On Tue, May 26, 2020 at 04:44:49PM -0400, Sam Hartman wrote:
> I think you and Mo are a bit stuck in the ftp-team mindset with the
> above.  *whenever new or bin-new is triggered, all files are reviewed.*

It's designed for people who "review all the files" when the package
turns to be NEW. For example, one who is about to upload a NEW package.
This aims to speed up a **rigorous** review, instead of a much less
rigorous review. Generally reviewing things quickly and carelessly makes
the life of every uploader much easier -- but that means more burden for
our last shield, ftp team.

Again, the specification talks about how the status of files are changed
in the status space {"N/A", "outdated", "ACCEPT", "REJECT"}, which is a
pure interpretation of the modeling of the process, and it did not say
any preference on political stuff such as "when the review should be
triggered" -- I have no intention to talk about it. My specification is
invariant to the review whatever frequency people prefer. If people
prefer to do the review after every git commit, libawsl can be useful.
If people prefer to slack off and only do the review when the package
has to go through the new queue again, libawsl can also be useful.

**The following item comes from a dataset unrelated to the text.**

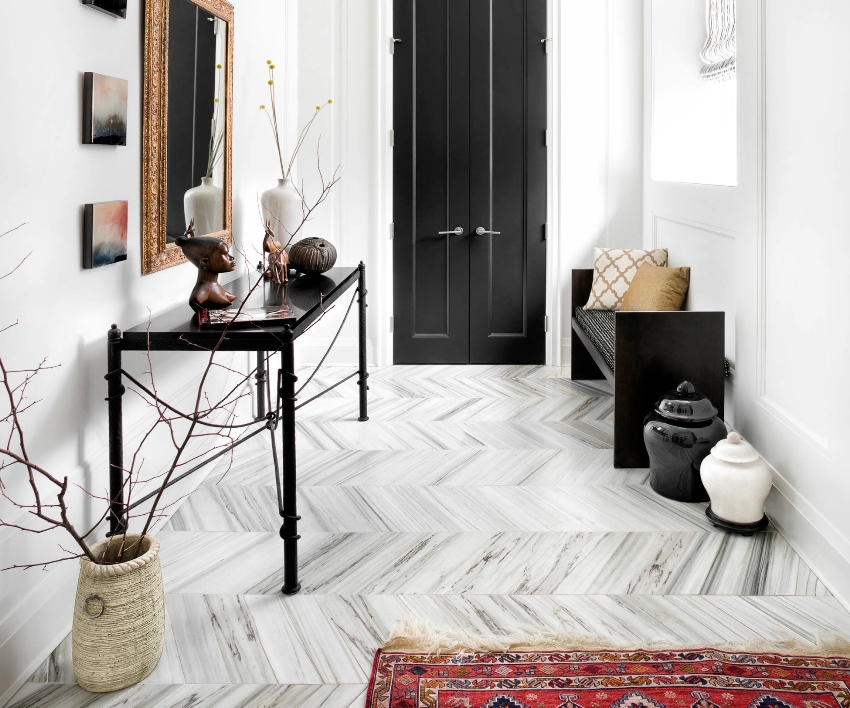 Combinarea materialelor este o tehnică eficientă. Deci, în partea de intrare este mai bine să utilizați plăci rezistente la uzură. Pentru a vă menține picioarele confortabile, puteți pune în continuare o acoperire mai caldă.

> But to an outsider, what it sounds like Mo is proposing is that whenever
> the salt is changed, review needs to be triggered, even if new would not
> be triggered in the current model.

Talking about how the file status move in the status space
  {"N/A", "outdated", "ACCEPT", "REJECT"}
does not imply any preference on the frequence of review.

Why not take git as an example?

 "N/A": the user didn't git add <this-file>
 "outdated": <this-file> has been changed, stage and commit it when user
             sees appropriate.
 "accept": <this-file> has not been changed, nothing to do
 "reject": ? no analogous concept, but it does not matter.

When did git urge people to stage files, do commits, or push when it
gets unhappy about the modified files and unsynced tree status?  Is the
git efficiency seriously impacted by "how frequent the user does
commits", "how frequent the user does commits"?

Similarly, when did libawsl urge people to do the review once the file
status has been changed?
 
> My thoughts are that
> 1) I think it's worth being clear that you're not proposing increasing
> the rounds of new review.

No. libawsl is independent and ignorant to the review frequency. It is
designed to **help human** when they need to do a review, not designed
to **prod or force people** to do review once it gets unhappy.
 
> 2) Long term, having a persistent database of review state might allow
> us to have better criteria for when to trigger license review.

libawsl can use a persistent database to reduce redundant reviews, as
long as the salthash do match. There is no design consideration on given
answers to questions such as "when to trigger a review". Whatever the
review frequency is, libawsl is invariant and will do its job.